I'm trying to understand the difference between the Boolean truth function "->" and some sort of higher level "entailment" function "=>" (which I don't understand).
I understand the table for the "A -> B" conditional which you can evaluate when A and B are assigned (bound??? see below) Boolean values.
Let's try to define (again, apologies, because I'm out of my league here) a "function" $I(A, B)$ which takes as inputs two Booleans A and B, and returns the value (A -> B).
My understanding is that we say $$\mathscr{A} \implies \mathscr{B}$$ exactly when this vague condition holds:
"The conditional $\mathscr{A} \to\mathscr{B}$ is true if and only if $I(A, B)$ evaluates to true for all bindings of free variables involved" in the the left and right halves of the conditional, where they're bound in the same way.

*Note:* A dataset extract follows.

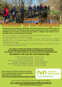 De regionale Cursuswerkgroep organiseert deze afwisselende cursus voor wie meer wil weten over alle mooie, interessante en eigenaardige zaken die in de natuur in De Kempen te ontdekken zijn. De cursus is bedoeld om meer plezier te krijgen in het beleven van de prachtige natuur en het landschap in de Kempen.
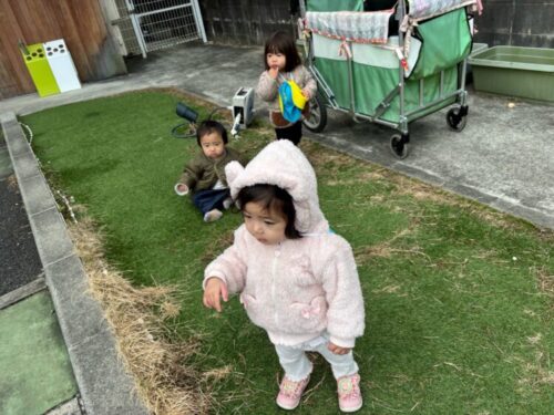 保育園前で遊んでいたひよこ組さんに「行ってきまーす‼️」と元気にご挨拶😊ひよこ組さんもお兄さんお姉さんに負けないくらい元気に手を振っていました👋

This is the best definition that I've come up with, but I do not believe that it really makes sense.
I've also seen it phrased this way: "$\mathscr{A} \implies \mathscr{B}$ exactly when $\mathscr{A} \to \mathscr{B}$ is a tautology.". What does that mean? I know a tautology is a sentence which is always true (in some domain of discourse?)?
Question: How do I go from here to a better understanding, and also - how far off am I from some reasonable definition.